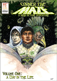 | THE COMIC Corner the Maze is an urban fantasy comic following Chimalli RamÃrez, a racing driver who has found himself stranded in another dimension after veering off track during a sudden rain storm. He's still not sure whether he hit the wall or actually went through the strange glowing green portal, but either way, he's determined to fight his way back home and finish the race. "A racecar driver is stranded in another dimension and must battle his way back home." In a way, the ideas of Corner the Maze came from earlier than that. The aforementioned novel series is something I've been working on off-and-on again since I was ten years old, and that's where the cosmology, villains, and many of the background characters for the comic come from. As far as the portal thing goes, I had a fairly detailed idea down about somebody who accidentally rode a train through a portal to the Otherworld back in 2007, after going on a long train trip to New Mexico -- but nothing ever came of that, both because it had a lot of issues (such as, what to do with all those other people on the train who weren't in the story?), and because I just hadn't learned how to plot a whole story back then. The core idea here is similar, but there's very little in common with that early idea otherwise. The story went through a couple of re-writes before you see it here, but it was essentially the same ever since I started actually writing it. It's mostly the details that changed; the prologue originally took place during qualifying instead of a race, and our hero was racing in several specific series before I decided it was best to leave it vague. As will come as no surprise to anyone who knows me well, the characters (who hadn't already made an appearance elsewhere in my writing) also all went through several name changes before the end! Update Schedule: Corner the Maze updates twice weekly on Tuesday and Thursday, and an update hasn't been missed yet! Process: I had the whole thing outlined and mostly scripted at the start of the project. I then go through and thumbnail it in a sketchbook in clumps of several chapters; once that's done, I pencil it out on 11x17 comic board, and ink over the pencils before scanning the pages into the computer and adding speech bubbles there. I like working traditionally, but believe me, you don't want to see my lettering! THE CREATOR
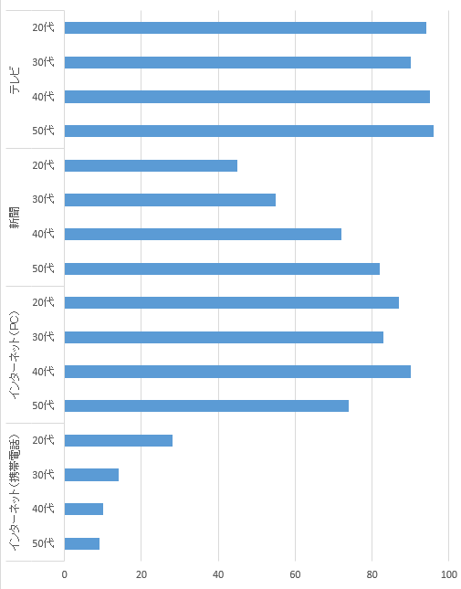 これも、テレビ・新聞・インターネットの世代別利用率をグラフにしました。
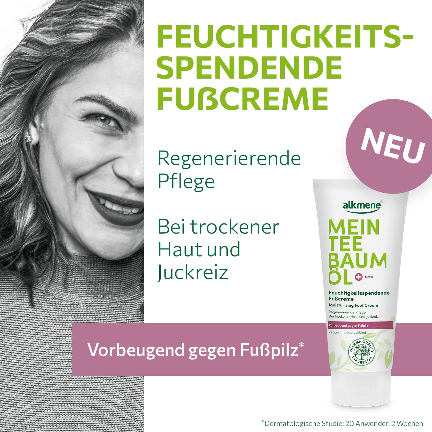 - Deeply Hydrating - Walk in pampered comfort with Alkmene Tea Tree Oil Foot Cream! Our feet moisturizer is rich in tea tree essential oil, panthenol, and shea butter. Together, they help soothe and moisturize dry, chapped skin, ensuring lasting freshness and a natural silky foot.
□ □ □ □ □
# REQUIRED WORK
Your task is to restate word for word the lines from the line holding "これも、テレビ・新聞・インターネットの世代別利用率をグラフにしました。" through the final line of the listing, both included, but none of the pictures.

# SOLUTION TO THIS TASK
 これも、テレビ・新聞・インターネットの世代別利用率をグラフにしました。
 - Deeply Hydrating - Walk in pampered comfort with Alkmene Tea Tree Oil Foot Cream! Our feet moisturizer is rich in tea tree essential oil, panthenol, and shea butter. Together, they help soothe and moisturize dry, chapped skin, ensuring lasting freshness and a natural silky foot.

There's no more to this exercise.